The METU Parlar Foundation Science Award (ODTÜ Mustafa Parlar Ödülü) is a science award issued by the Middle East Technical University Prof. Dr. Mustafa N. Parlar Foundation established in 1981 in Ankara, Turkey, commemorates Professor Mustafa N. Parlar, who served as the Dean of Engineering at the Middle East Technical University. The Foundation's mission is to promote advancements in science and technology and their applications in industry. Annually, it confers several prestigious awards to recognize significant contributions to science and service. These include the Service to Science and Honour Award, the Science Award, and the Service Award. Notable recipients of the Science Award include İoanna Kuçuradi in philosophy, Cahit Arf, Feza Gürsey and Erol Gelenbe in sciences, as well as Halil İnalcık in history.

== Background ==
The METU Prof. Dr. Mustafa N. Parlar Education and Research Foundation was established on January 12, 1981, in memory of Prof. Dr. Mustafa N. Parlar, a scientist and early faculty member of Middle East Technical University. The foundation aims to foster relationships between the university and industry, support research and researchers, provide technical hardware and tools, offer scholarships to METU students and financially assist lecturers.

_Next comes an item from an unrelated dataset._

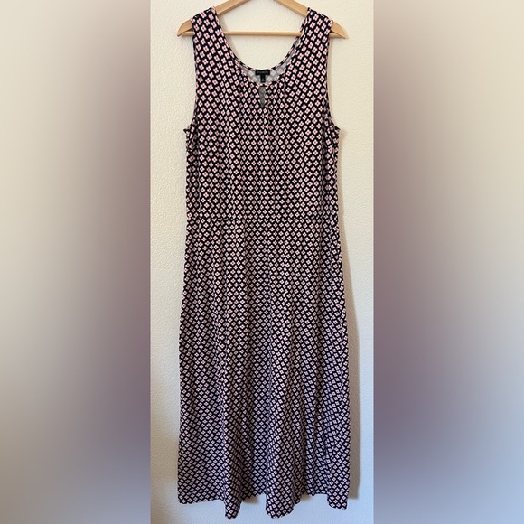 Talbots Maxi Dress Navy and Pink tiny flower design

Prof. Dr. Mustafa N. Parlar was a Turkish scientist and educator, born in 1925 in Çamlıhemşin, Rize. He studied at the Illinois Institute of Technology, Northwestern University, and Brooklyn Polytechnic Institute. Parlar worked as a research engineer and assistant professor in the Unites Satates before returning to Turkey. He held various academic and administrative roles at Middle East Technical University, including Director of Education, Chair of the Department of Electrical Engineering, and Dean of the Faculty of Engineering. He also served as Rector of METU and held positions within the Scientific and Technological Research Council of Turkey, contributing to the fields of energy and telecommunications in Turkey. Parlar was a member of the Grand National Assembly of Turkey from 1973 to 1977. In his honor, the METU Prof. Dr. Mustafa N. Parlar Education and Research Foundation was established in 1981 to support education and research.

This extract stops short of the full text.